Le peuple et les cantons se prononceront le 25 septembre prochain, quelques jours avant que le Conseil national ne se penche à son tour sur la réforme Prévoyance vieillesse 2020, le vaste projet porté par Alain Berset, qui regroupe les problèmes de financement à régler dans le courant de la décennie à venir concernant les premier et deuxième piliers. Fort habilement, le projet lie entre elles les solutions proposées et empêche leur fractionnement. Ainsi, il exclut d’avance deux tentations qui pourraient saisir le législateur: ce dernier ne pourra ni refuser les moyens supplémentaires pour l’AVS tout en exigeant la réforme, ni faire échouer la réforme proposée (harmonisation de l’âge de référence des hommes et des femmes) tout en exigeant le financement additionnel via la TVA.

Dans sa session de septembre 2015, le Conseil des Etats est entré dans cette logique, non sans décider à l’unanimité de maintenir à 19,55% le taux de participation de la Confédération au financement de l’AVS, alors que le Conseil fédéral voulait le réduire à 18%.

Mais le Conseil national, dans sa composition et sa manière revues en octobre 2015, menace de revenir sur cette garantie confirmée et d’ajouter en septembre prochain quelques modifications de son cru.
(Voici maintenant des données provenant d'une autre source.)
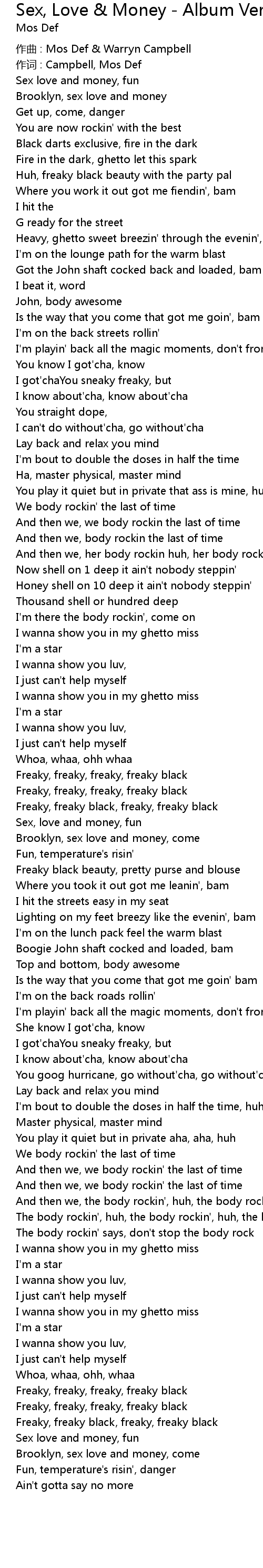 | 作词 : Campbell, Mos Def | |

Si l’initiative AVSplus l’emporte juste avant, le mandat sera clair. Si elle échoue de peu, elle signalera à la majorité de droite que le peuple ne saurait accepter une atteinte à «son» assurance-vieillesse.

Pour l’heure, la commission du Conseil national envisagerait un report à 67 ans de l’âge d’ouverture du droit à la rente AVS, aussi bien pour les femmes que pour les hommes. Et seule la génération des 54 ans et plus devrait recevoir des montants compensatoires pour neutraliser l’effet de la réduction du taux de conversion – comme pour donner aux plus jeunes le temps de s’habituer à l’idée de ne pas recevoir la rente escomptée.

Trop de poids sur de jeunes épaules

De manière générale, en particulier pour le deuxième pilier et surtout si le taux de conversion se maintient au niveau présent, les bénéficiaires actuels d’une rente vivent en partie aux dépens des personnes actives, d’une ou deux générations plus jeunes, victimes de cette forme de pillage que les Suisses alémaniques nomment Rentenklau.

Cette surcharge générationnelle participe de la gérontocratie qui semble s’instaurer en Suisse, selon le pressentiment d’Avenir suisse. Facteur aggravant: un abstentionnisme relativement élevé chez les jeunes qui renoncent à défendre leurs intérêts dans les urnes.

De quoi donner mauvaise conscience à certains commentateurs. Et même à certains élus, telle la conseillère d’Etat Jacqueline Fehr (PS/ZH), qui envisage de surpondérer le vote des jeunes, derechef promus supercitoyens.

L’intention est sans doute sincère, mais l’idée n’en reste pas moins d’une exceptionnelle déraison démocratique.